All of these configurable modeling parameters are given to simulator in a small ASCII configuration file. The configuration file contains parameters for the system as a whole, for each compute node and for the MPI task-to-processor mapping. For the system, required parameters include the number of compute nodes, the best achievable bandwidth and latency for each bus for two nodes to communicate, and the number of busses. For each compute node, required parameters include the number of processing units, the number of incoming and outgoing links from/to the busses, the best achievable local bandwidth and latency within the node, a mapping of MPI tasks to processors, and CPU ratios which describe relative speeds (ratios) for the computational work of the target with respect to the base system.

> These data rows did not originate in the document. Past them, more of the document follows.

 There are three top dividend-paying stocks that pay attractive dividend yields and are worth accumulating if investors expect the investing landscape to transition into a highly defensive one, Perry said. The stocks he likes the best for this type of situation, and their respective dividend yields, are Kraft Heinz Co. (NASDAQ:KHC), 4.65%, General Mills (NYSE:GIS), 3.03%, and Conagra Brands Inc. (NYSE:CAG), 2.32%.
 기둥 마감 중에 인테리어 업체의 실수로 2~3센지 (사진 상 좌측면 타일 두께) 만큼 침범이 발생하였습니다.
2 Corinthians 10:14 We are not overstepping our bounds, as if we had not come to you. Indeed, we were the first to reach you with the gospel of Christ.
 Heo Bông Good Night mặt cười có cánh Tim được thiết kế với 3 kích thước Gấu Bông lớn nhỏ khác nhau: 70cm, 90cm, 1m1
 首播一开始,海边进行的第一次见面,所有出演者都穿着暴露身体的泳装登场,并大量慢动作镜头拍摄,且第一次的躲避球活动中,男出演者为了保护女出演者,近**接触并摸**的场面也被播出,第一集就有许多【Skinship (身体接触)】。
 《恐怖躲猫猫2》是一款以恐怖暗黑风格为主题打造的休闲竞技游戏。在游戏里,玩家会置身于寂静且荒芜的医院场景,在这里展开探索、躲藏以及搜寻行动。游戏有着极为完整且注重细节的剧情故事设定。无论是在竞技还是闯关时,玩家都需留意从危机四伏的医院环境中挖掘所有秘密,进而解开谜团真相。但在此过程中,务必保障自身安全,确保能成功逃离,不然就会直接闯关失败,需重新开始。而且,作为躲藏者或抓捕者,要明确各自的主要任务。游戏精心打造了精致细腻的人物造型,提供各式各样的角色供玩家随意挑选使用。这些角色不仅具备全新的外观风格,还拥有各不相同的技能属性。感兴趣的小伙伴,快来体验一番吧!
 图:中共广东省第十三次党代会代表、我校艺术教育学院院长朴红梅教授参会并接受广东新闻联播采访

This CPU ratio is used by PSINS to model the computation time. Modeling done by simply projecting the time spent for each CPUBurst event to the target system using this ratio of how much faster or slower the processing unit in the target system is relative to the base system. This approach has been shown to be effective in previous research [1,6].

PSINS Simulator consumes events from the input trace in the order of their occurrence. The simulator uses an event queue based on priority queues to replay the input trace. When an event is read, it is tagged with the earliest time it will be ready for execution as its priority. This time is the value of the per-task timer at the time of insertion for the task that event belongs to. If an event is not ready for execution such as a blocking receive, or global communication, it is re-inserted into the event queue for later processing with its priority reduced. An event is deleted from queue when its execution is over. When an event is executed, it is marked with its execution time as well as its wait time. The wait time is a record of time the event had to wait for its execution as in imbalanced parallel applications with blocking communications or barriers. After its execution, the execution timer for its task is incremented accordingly and global timer is updated for synchronous simulation.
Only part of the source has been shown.